13.05.2019 | 15:30 Uhr Wolf am Mönchswalder Berg? Tier erschreckt Joggerin

In der Oberlausitz soll eine Frau im Wald von einem Wolf berührt worden sein. Verletzt hat das Tier die Frau nicht. Seit dem Vorfall fordern Jäger den Abschuss des Tieres, von dem bisher keiner so genau weiß, was es ist.

Wolf auf Waldweg
Bildrechte: Wolfskompetenzzentrum Iden

War es ein Wolf oder nicht? Diese Frage steht über einem Vorfall, der sich Ende April in der Oberlausitz zugetragen hat und erst jetzt bekannt wurde. Eine Frau Ende 40 joggte an einem Sonntagabend im Wald auf dem Mönchswalder Berg bei Großpostwitz. An einer Weggabelung lief ihr aus dem Unterholz heraus plötzlich ein Tier an die Beine, das aussah wie ein Wolf und ein breites Band um den Hals trug. Erst als die Frau laut um Hilfe schrie, sei es verschwunden, berichtet ihr Vater Dieter Rost, dem sie den Vorfall zuerst geschildert hat. Dass es ein freilaufender oder herumstreunender Hund aus der näheren Umgebung gewesen ist, schließt die Betroffene aus. Sie wohnt seit vielen Jahren in der Gegend und kennt die Hunde aus ihrem weiteren Umfeld. Wölfe hingegen sind am Mönchswalder Berg schon gesichtet worden. Denn in der Nähe ist das Cunewalder Rudel ansässig. Deshalb zeigte die Joggerin den Fall beim Landratsamt Bautzen an.

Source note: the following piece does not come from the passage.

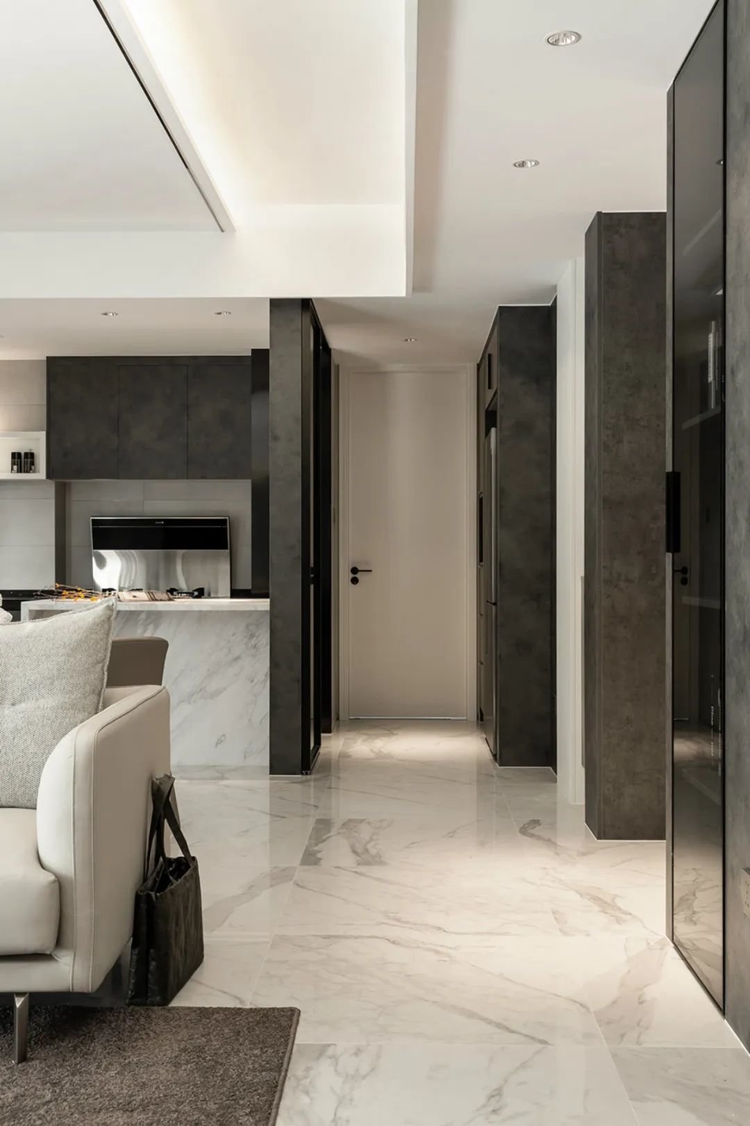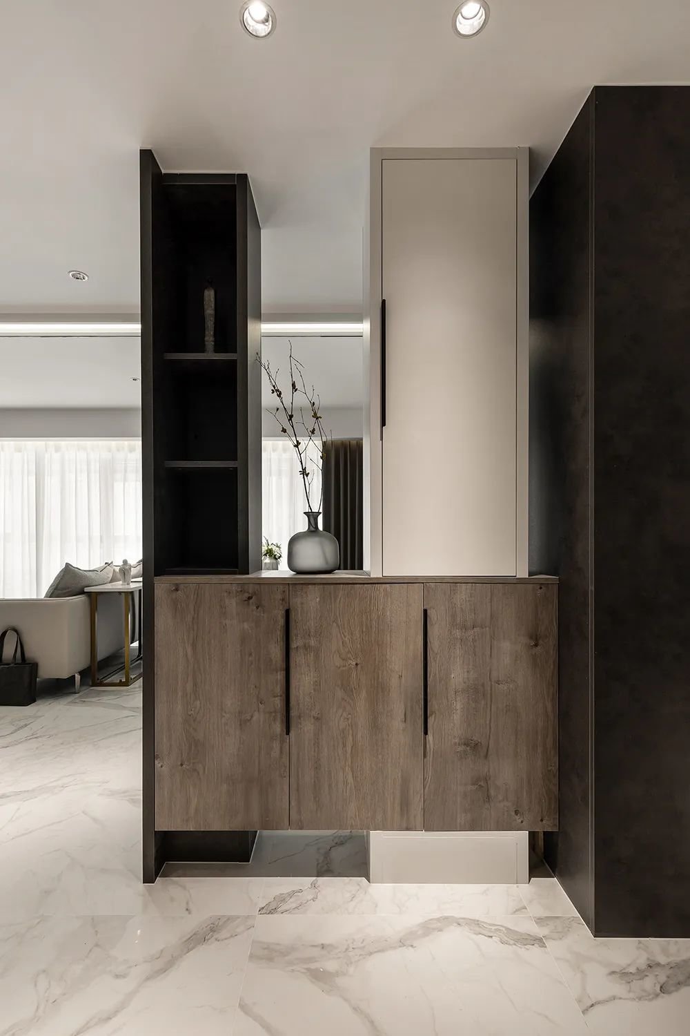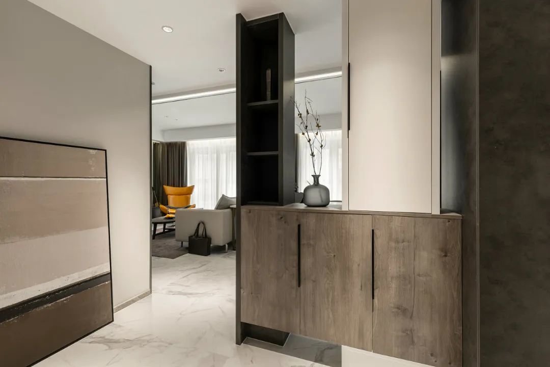 ▲从客厅望向玄关,可以看到一个装饰精美的鞋柜,上面摆放着一束盆栽花卉,为整个空间增添了一份自然的生气。这束盆栽花卉不仅仅是一个简单的装饰物,它的存在让人感受到了主人对生活的热爱和对生命的敬畏。

Vorfall für Landrat glaubwürdig und sachlich

Inzwischen liegt die Sache beim Bautzener Landrat Michael Harig. Er hat keinen Zweifel daran, dass sich der Vorfall so zugetragen hat, wie ihn die Frau beschrieben hat. "Die betroffene Person ist sehr sachlich und glaubwürdig. Sie meint, dass es ein Wolf gewesen ist", sagt Harig. Das Landratsamt wird als nächstes den Fall aufnehmen und dokumentieren. "Mehr können wir nicht machen, weil ja kein Schaden entstanden ist", erklärt der Landrat.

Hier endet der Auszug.